Project-URL: Homepage, https://gitlab.com/rahmannlab/arcane
Project-URL: Bug Tracker, https://gitlab.com/rahmannlab/arcane/issues
Classifier: Programming Language :: Python :: 3
Classifier: License :: OSI Approved :: MIT License
Classifier: Operating System :: OS Independent
Classifier: Development Status :: 5 - Production/Stable
Classifier: Environment :: Console
Classifier: Intended Audience :: Science/Research
Classifier: Natural Language :: English
Classifier: Topic :: Scientific/Engineering :: Bio-Informatics
Requires-Python: >=3.12
Description-Content-Type: text/markdown
License-File: LICENSE
Requires-Dist: numpy
Requires-Dist: numba
Requires-Dist: pytest
Requires-Dist: jsonargparse>=4.29.0
Requires-Dist: pip
Dynamic: license-file

# Arcane: Alignment-free single cell RNA-seq gene expression estimation

Arcane is a lightweight, alignment-free tool for scRNA-seq quantification.
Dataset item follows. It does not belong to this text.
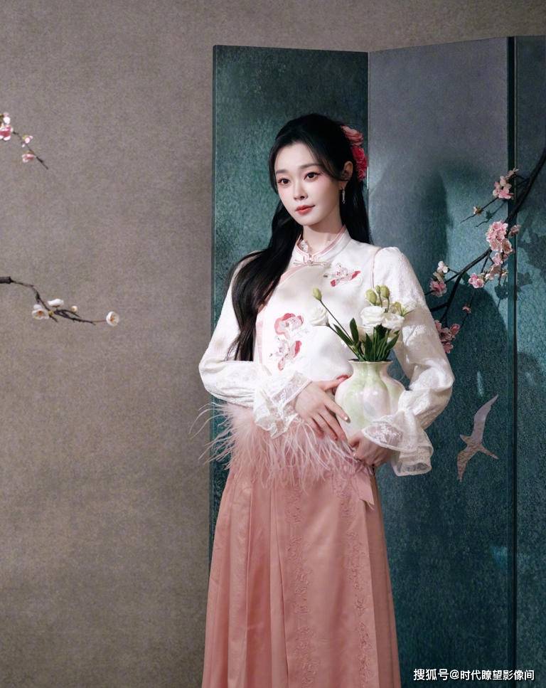 这组造型的每一处细节都藏着巧思,堪称新中式穿搭的教科书级别示范。领口的粉边盘扣精致小巧,衬着她垂落的长发,温柔感拉满;旗袍上的梅纹刺绣沾着细碎光泽,针脚细腻,仿佛能闻到梅花的清香;蕾丝袖摆轻笼着手腕,中和了传统旗袍的厚重感,添了几分现代女性的轻盈;最点睛的是腰侧那圈软绒绒的粉羽,悄悄注入一丝娇俏,让整体造型不呆板、不沉闷。背景更是氛围感拉满,墨绿屏风晕着哑光质感,旁边的纸伞、茶席错落摆放,整个场景像极了从宋词里抠出来的片段,却又因为宋轶眼尾的那点灵动感,跳出了古画的沉闷,成了传统与现代揉碎了再织就的雅致。

In case of problems file an issue in the issue tracker.

See CHANGELOG.md for recent changes.
Thank you!

----


# Usage Guide

`arcane` is a multi-command tool with several subcommands (like git), in particular
- `arcane index` builds an index (a bucketed 3-way Cuckoo hash table)
- `arcane express` processes a sample and generates a count matrix

It is a good idea to run `arcane express --help` to see all available options.\
Using `--help` works on any subcommand.

### Installation guide

Our software can be obtained by cloning this public git repository:
```
https://gitlab.com/rahmannlab/arcane
```
To run our software, a [conda](https://docs.conda.io/en/latest/) environment with the required libraries needs to be created.\
A list of needed libraries is provided in the ``environment.yml`` file in the cloned repository;\
it can be used to create a new environment:

```
cd arcane  # the directory of the cloned repository
conda env create
```
which will create an environment named ``arcane`` with the required dependencies,
using the provided ``environment.yml`` file in the same directory.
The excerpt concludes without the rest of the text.